The EightThirtyTwo ISA – Part 8 – 2019-10-20
Over the last few weeks I’ve been working on a VHDL implementation of the EightThirtyTwo ISA, using the excellent combination of GHDL and GtkWave to develop, debug, rip up, start over and ultimately produce something capable of sending “Hello, World!” to a UART.
This has been a steep learning curve since I’ve not tinkered with simluation at this level before (previously I’ve always used SignalTap for debugging), and neither have I worked on a pipelined CPU before.
The design I’ve produced hits my target logic budget pretty well – roughly 1,500 logic elements when built for Cyclone III. While it would be nice to get the size down a bit further, it should be noted that the register file is implemented as logic – so there’s no block RAM usage – and we also have full load/store alignment.
The design is split into the following units:
- The Decoder is a piece of combinational logic which takes the source opcode and outputs signals specifying two register sources for the ALU, the ALU operation and a bitmap of enable signals for other parts of the CPU. I have adjusted the instruction encoding significantly since last time, in an attempt to minimise the logic footprint of this decoder; a poor choice of encoding can easily double its size.
- Synchronous logic in the Decode stage writes the decoded ALU operation and the contents of the appropriate registers to the ALU inputs.
- The ALU takes two 32-bit wide register inputs, a 6-bit wide immediate input (used only for the li instruction), and has two 32-bit wide outputs. The ALU is responsible for arithmetic, bitwise and shift instructions, but also handles assembling multi-byte immediate values, and post-incrementing and pre-decrementing addresses. The first ALU output can be written either to a register or to tmp. In most cases the second of the two outputs simply passes through its corresponding input, which can be written to tmp or to the Load/Store unit – this is useful for “swap”, for store instructions, and for the special case “add r7” instruction which places r7’s old value in temp. The multiply instruction, on the other hand, produces a 64-bit wide result, so it places the upper half on the second output, from where it is written to temp.

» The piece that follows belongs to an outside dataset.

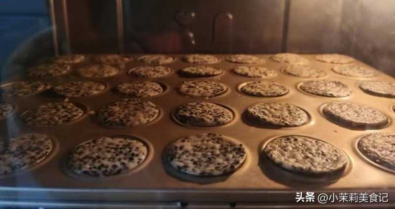4、烤箱提前预热,让温度升高,把烤盘放进去,保持160度,烘烤18分钟左右。当然如果比较厚的话,需要根据情况适当延长烘烤的时间。时间结束后,端出来,自然晾凉后再吃,口感会更脆。吃不完的装进密封性好的罐子中,随吃随取很方便。
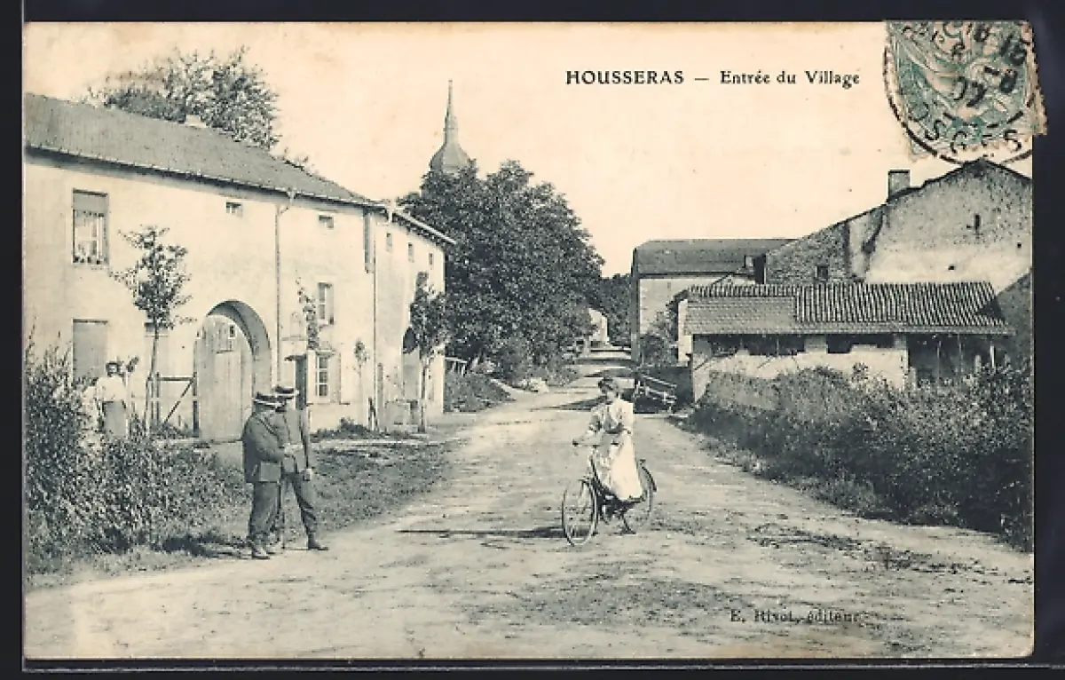 AK Housseras, Entrée du Village avec cycliste et habitants sur la route

- The Execute stage is responsible for advancing the program counter, and determining when it’s safe to do so. I haven’t yet attempted to mitigate hazards at all – we simply stall the PC and insert bubbles into the pipeline, but in the longer term it might be possible to do some rudimentary instruction fusing here, shaving a couple of cyles off constructs such as “li 0; mr r0”.
- The Memory stage triggers load/store operations, and also writes the results from the ALU back to the register file.
- Finally, what would be the Writeback stage in a classic design, but in fact its job is largely done by the Memory stage. All we do here is wait for Load/store operations to finish, and for Load operations, write the result to temp.
I’ve made a few more changes to the ISA, too: Firstly, while I don’t yet have any kind of interrupt support, I’ve been considering how to add this. Lacking any instructions capable of saving or restoring CPU flags, I’ve decided simply to map them into the top four bits of the Program Counter. This reduces the available program address space from 4GB to 256MB – I can live with that, and it means that saving the program counter at the start of an interrupt or subroutine automatically saves the flags too. While this does mean that a subroutine can’t return a result to the caller by way of status flags, this would have been difficult anyway because pulling the return address from the stack will affect the zero flag.
The other significant change to the ISA is that I decided against implementing the ltmpinc instruction, which would have triggered a load operation using the contents of temp as an address, incrementing temp, and storing the result in the nominated register. It would have been the only load instruction that needed to write to the register file; all other register file writes come directly from the ALU, so it would have added significantly to the complexity. Instead, since it’s essentially free to implement, I’ve added a “ldidx” instruction, which uses the sum of tmp and the nominated register as a load address, reads from memory and writes the result to tmp.
I’ve also created a second repository, similar to my earlier ZPUDemos, to contain test projects for this CPU. The CPU itself is a subproject.